Ruby Impressions

Thomas Gandy gandy at techie.com
Wed Jan 9 16:27:08 EST 2002


A while back there was a thread here comparing Python and Ruby.  It
inspired me to take a look at Ruby and I must say I like what I see
there.

Now I'm a recent Perl refugee and so a newbie in Python as well.  I
used to really like Perl a lot, but then I started doing OO Perl and
that convinced me that Perl was just too painful for OO.  A few months
back I checked out Python and it seemed to be an improvement from an
OO perspective.

I think that coming from Perl, though, that Ruby seems more
'comfortable' (I'm not gonna bring up the indentation issue ;-) and it
seems actually more Object Oriented.  (I never could understand why
you have to pass 'self' into methods in Python - you actually have to
to that in OO Perl as well).

There have been some complaints about Ruby's use of the characters
'$,@,@@' to indicate the scope of a variable and I must say that
initially I thought this a bit arbitrary, but now I think it actually
does help to see 'at-a-glance' what the scope of a variable is.  In
defining instance variables you're just replacing Python's self.var
with Ruby's @var. As I'm glancing through code I (and it's my opinion)
must say it's easier to see the '@''s than the 'self's (and there's a
bit less typing to do).  And it's not like Perl where you've got these
kinds of characters everywhere in the code so that they soon overwhelm
the eyes and become meaningless - In Ruby they're used with great
discretion so they retain the ability to draw the eye.

In Python we do:

class SomeClass:
   def __init__(self,value):
      self.data = value

In Ruby you do:

class SomeClass
   def initialize(value)
      @data = value
   end
end

Especially if the constructor or method is long, it's easy to see the
instance variables in a Ruby class. Sure,they need those 'end's in
Ruby, but I don't find them all that problematic. The fact that I can
get by without all those 'self's seems to make up for the 'end's.
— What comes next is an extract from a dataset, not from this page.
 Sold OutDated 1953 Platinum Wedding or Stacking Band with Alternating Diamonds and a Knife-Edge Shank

I also like Ruby's operator overloading.  If you want to overload '+',
you define a '+' method instead of an __add__ method.
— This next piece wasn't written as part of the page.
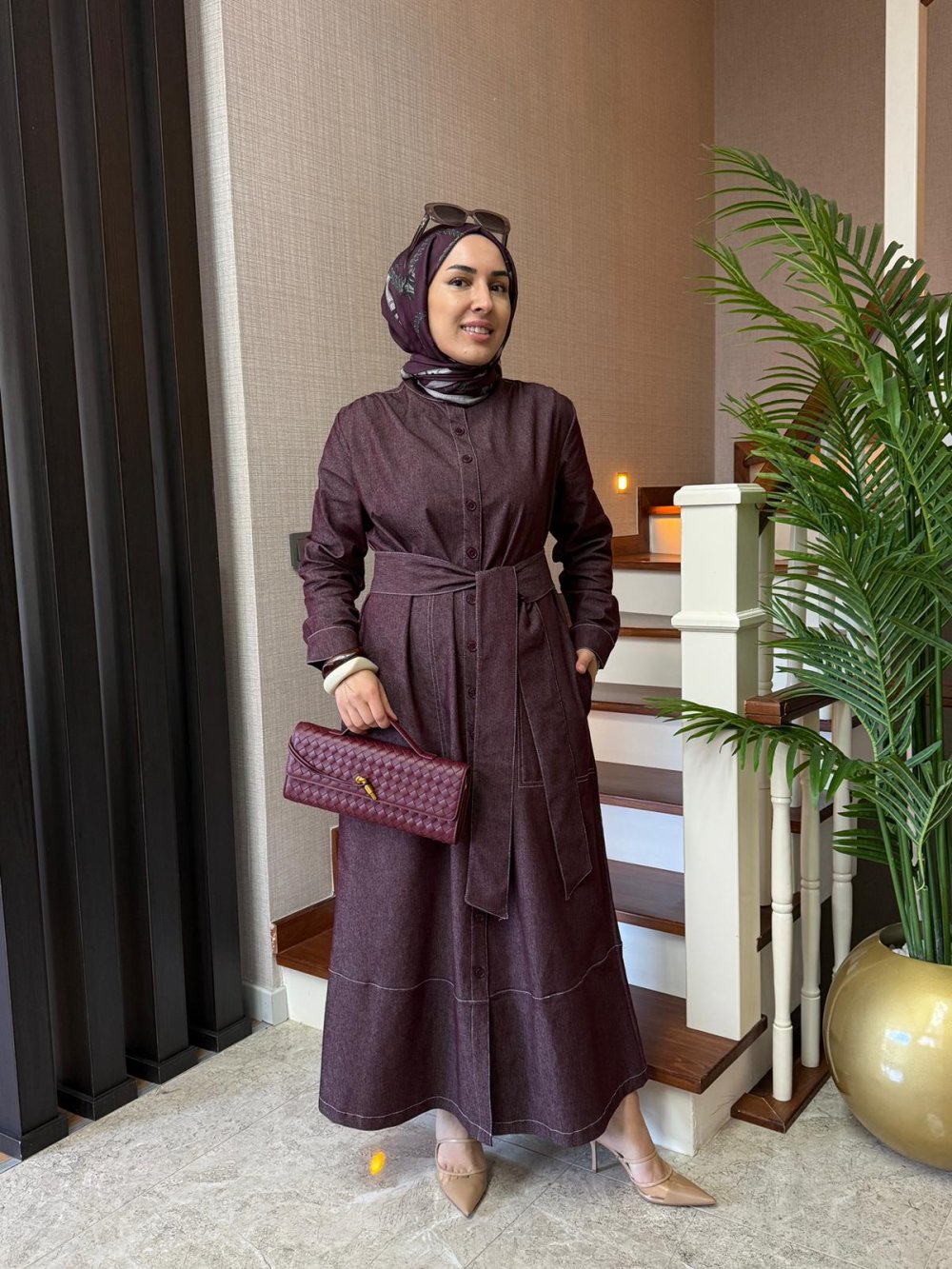 Kontrast Dikişli Kot Elbise Mürdüm

Other things I like about Ruby:
* classes and modules are always open (including the built-in ones)so
you can add methods to them at anytime or change methods which makes
for a lot of flexibility.
* built-in types like Hash and Array are extendable and you can
inherit from them.
* yield (iterators) - though this is now in Python 2.2 as well
*dRuby - very easy to use distributed objects

Some things I miss:
* docstrings (though there are probably ways of creating similar
things in Ruby)
* in (though you can define one in Ruby, but it'll be called with '.')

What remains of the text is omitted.